■ DATA EXCERPTS ■
::::
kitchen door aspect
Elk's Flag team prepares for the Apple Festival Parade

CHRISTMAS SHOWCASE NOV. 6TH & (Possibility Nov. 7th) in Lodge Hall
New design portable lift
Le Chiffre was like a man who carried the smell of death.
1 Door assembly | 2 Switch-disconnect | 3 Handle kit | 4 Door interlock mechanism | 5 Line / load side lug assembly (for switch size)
::::
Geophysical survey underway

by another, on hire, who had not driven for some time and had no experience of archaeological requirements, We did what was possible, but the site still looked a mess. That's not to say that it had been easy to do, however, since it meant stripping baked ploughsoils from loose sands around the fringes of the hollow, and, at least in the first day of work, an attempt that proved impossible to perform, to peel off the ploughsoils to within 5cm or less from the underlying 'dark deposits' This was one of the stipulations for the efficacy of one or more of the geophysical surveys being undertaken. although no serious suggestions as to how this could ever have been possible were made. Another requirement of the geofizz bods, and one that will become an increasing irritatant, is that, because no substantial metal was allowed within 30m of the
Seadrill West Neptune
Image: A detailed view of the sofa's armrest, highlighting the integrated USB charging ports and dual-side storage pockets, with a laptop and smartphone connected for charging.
::::
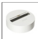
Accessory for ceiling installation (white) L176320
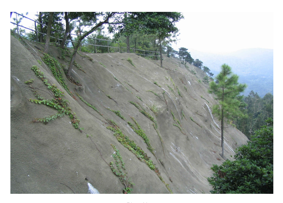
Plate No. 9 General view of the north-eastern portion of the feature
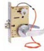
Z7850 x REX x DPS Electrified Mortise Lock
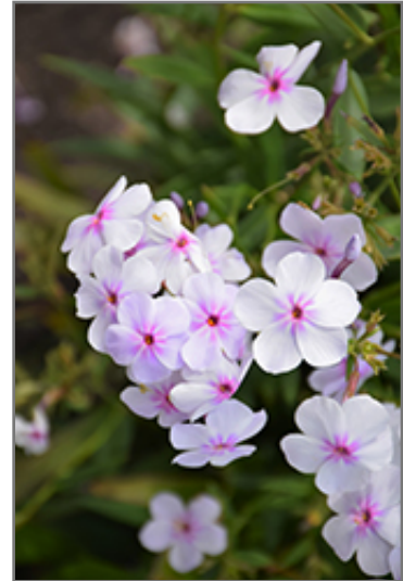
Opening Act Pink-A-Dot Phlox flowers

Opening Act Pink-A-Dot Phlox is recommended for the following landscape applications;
::::
■ ACTION ITEM ■
Where the string "side" occurs in the data, return the whole line.

■ RESPONSE AREA ■
1 Door assembly | 2 Switch-disconnect | 3 Handle kit | 4 Door interlock mechanism | 5 Line / load side lug assembly (for switch size)
Image: A detailed view of the sofa's armrest, highlighting the integrated USB charging ports and dual-side storage pockets, with a laptop and smartphone connected for charging.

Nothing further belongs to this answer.